У Мишки семья была достаточно благополучная: отец — главный инженер небольшого завода. По материнской линии, кажется, хранились какие-то еврейские традиции. Весь класс стрелял у Мишки Дюма, Вальтера Скотта, Конан Дойла и т. п., потому что такой домашней библиотеки, как у Яковлевых, я, кажется, больше никогда в жизни не видел. Были и пластинки. Но самое главное — Мишка через своего старшего двоюродного брата — студента медакадемии — был вовлечен в круг людей, которые менялись друг с другом «записями» и «дисками». Такие связи по тем временам были очень важны: пластинка какой-нибудь второсортной группы могла стоить на черном рынке до половины месячного заработка моей мамы, которая работала на заводе технологом. Так что Мишка стал человеком, который приобщил меня к рок-культуре, хотя и в ее сильно «припопсованной» ипостаси. Ну и, конечно к хорошим книгам, среди которых были не столько «Три мушкетера» (из этого романа, каюсь, я одолел не более 15 страниц и до сих пор не понимаю, почему от него все так балдеют), сколько такие специфические вещи, как огромная подборка историй о Ходже Насреддине, или, скажем, дореволюционное издание сочинений Козьмы Пруткова и т. п. Чтение моё было абсолютно бессистемным, но подбор книг, благодаря этой дружбе, весьма качественным.

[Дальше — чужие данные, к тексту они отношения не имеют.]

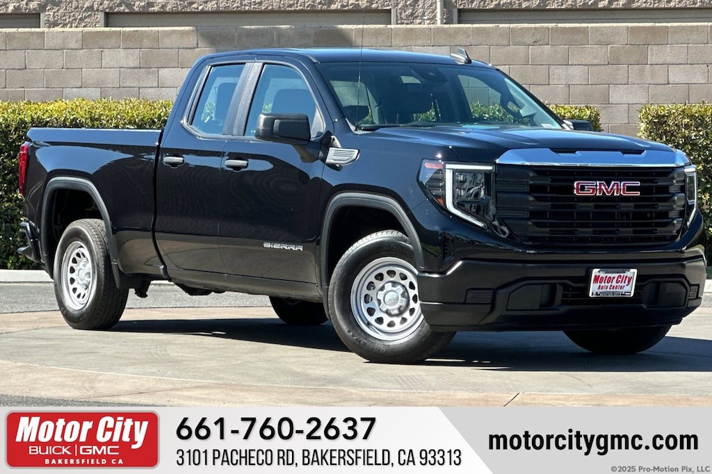 The Sierra 1500 Pro's sleek and sophisticated exterior, with its Black paint and chrome accents, exudes a bold and confident presence. Step inside and you'll be greeted by a well-appointed interior, complete with premium vinyl seating and a host of advanced technology features, including the GMC Infotainment System, Apple CarPlay, and Android Auto.

Однажды Мишка пригласил меня на несколько недель на родину своего отца — в старинный Пошехонский район. Там я был удивлен тем, что сохранилась еще, оказывается, такая глушь, куда хлеб завозят чуть ли не раз в месяц и чуть ли не вертолетами, а рыба в реке клюет так, что можно ловить на самый грубый крючок, самую толстую леску и чуть ли не без наживки: только успевай вынимать. Кроме того, на родине мишкиного отца я первый раз в жизни увидел белые ночи (это довольно северный край). Именно в Пошехонском районе с помощью мощного старинного лампового радиоприемника мы «ловили» чистейшего Севу Новгородцева, ибо действие КГБ-шных «глушилок» на эту глухомать не распространялось. То есть можно было законные полчаса наслаждаться музыкой Police, Рода Стюарта, Элиса Купера, а также узнать много нового и интересного про рок-музыку.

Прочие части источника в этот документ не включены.